We simulated 10 epochs of training. In each epoch, we computed fake training and validation metrics and appended them to the corresponding lists in our history dictionary. The table shows how training loss goes down and accuracy goes up over time — exactly what you want to see in a real training run.

Notice that the validation loss (V.Loss) is always slightly higher than the training loss (T.Loss). This is normal and expected: the model is always a little better on data it has seen (training) than data it hasn’t (validation). If the gap grows too large, it signals overfitting.

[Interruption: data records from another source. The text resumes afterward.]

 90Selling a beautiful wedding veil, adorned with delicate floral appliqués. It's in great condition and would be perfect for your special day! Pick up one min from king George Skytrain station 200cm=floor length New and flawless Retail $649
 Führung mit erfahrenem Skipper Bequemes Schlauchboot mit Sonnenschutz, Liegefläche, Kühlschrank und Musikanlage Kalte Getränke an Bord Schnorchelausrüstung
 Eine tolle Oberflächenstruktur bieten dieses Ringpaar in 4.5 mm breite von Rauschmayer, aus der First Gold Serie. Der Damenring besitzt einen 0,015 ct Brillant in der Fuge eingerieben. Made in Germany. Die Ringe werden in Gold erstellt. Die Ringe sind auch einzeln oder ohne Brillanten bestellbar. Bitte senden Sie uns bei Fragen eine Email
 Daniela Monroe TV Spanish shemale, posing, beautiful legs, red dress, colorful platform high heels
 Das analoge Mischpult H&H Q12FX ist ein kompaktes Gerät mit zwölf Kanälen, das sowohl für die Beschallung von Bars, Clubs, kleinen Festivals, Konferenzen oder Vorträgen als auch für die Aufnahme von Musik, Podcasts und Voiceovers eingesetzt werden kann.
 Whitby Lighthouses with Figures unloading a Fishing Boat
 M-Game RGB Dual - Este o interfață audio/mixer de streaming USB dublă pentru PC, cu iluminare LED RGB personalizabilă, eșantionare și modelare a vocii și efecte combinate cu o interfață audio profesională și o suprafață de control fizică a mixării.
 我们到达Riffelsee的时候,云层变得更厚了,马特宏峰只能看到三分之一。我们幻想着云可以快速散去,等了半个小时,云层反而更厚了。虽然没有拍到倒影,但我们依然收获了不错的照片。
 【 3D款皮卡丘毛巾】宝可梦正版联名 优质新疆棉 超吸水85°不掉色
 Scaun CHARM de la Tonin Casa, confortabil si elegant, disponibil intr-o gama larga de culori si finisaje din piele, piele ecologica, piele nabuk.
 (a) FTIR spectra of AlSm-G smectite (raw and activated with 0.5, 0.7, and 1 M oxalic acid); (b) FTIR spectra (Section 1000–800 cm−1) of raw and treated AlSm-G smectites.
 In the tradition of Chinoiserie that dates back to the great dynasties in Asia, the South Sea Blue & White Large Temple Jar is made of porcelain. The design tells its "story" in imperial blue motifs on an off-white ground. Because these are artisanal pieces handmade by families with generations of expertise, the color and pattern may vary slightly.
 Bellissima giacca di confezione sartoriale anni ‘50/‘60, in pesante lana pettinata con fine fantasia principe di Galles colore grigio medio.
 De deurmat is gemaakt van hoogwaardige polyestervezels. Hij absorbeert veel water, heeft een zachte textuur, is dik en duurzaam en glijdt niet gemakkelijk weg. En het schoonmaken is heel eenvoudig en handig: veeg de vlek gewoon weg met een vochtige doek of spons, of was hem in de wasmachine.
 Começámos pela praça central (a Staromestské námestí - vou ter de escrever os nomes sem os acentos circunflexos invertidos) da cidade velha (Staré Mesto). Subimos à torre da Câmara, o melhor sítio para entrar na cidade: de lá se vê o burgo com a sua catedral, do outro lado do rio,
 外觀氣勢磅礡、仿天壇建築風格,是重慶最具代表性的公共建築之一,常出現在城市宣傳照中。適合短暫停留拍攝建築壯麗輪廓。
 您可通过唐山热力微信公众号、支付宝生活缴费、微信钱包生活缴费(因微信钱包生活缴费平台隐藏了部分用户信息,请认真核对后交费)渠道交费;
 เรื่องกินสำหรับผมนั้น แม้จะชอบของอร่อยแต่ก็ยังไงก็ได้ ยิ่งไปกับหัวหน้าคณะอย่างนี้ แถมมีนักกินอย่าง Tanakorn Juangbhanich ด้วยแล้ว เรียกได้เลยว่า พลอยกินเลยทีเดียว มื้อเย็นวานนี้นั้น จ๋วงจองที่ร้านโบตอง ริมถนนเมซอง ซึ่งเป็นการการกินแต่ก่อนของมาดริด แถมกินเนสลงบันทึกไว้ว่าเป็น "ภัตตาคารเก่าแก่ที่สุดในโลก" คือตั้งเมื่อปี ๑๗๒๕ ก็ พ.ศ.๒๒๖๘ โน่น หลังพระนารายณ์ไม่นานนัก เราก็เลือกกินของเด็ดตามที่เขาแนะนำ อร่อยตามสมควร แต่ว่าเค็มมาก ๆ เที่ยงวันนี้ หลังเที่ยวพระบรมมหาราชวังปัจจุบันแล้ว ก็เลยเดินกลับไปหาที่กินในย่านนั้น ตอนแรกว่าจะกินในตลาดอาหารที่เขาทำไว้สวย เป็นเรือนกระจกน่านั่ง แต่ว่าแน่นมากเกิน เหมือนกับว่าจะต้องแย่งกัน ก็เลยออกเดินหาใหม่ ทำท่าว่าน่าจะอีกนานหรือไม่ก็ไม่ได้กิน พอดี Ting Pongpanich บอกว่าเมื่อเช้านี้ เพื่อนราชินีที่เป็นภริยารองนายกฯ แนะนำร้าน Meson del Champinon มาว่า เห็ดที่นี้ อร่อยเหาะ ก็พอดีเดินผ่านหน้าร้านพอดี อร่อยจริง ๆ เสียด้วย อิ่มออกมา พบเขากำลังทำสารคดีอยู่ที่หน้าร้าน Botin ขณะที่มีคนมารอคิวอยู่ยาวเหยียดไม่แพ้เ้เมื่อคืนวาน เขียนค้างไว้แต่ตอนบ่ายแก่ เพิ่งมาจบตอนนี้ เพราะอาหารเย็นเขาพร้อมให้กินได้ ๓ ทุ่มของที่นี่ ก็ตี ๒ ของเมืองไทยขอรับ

The final line finds the epoch with the lowest validation loss using .index(min(...)). This tells us which checkpoint to keep.

✍️ Try it yourself

Can you find the epoch with the highest validation accuracy? Hint: use history["val_acc"].index(max(history["val_acc"])) + 1. Is it the same epoch as the one with the best validation loss?


3. Sets and Tuples

Python has two more collection types that round out your toolkit:

Sets hold unique elements with no duplicates and no ordering. Think of a set like a bag of marbles where each marble is a different color — if you try to add a second red marble, the bag just ignores it. Sets are great for vocabulary building, deduplication, and fast membership testing (“Is this word in my vocabulary?”).

Tuples are like lists, but immutable — once created, they cannot be changed. Think of a tuple as a sealed envelope: you can read what’s inside, but you can’t add, remove, or modify anything. This makes tuples perfect for data that should never change, like image dimensions (224, 224, 3) or coordinates. Immutability also means tuples can be used as dictionary keys, which lists cannot.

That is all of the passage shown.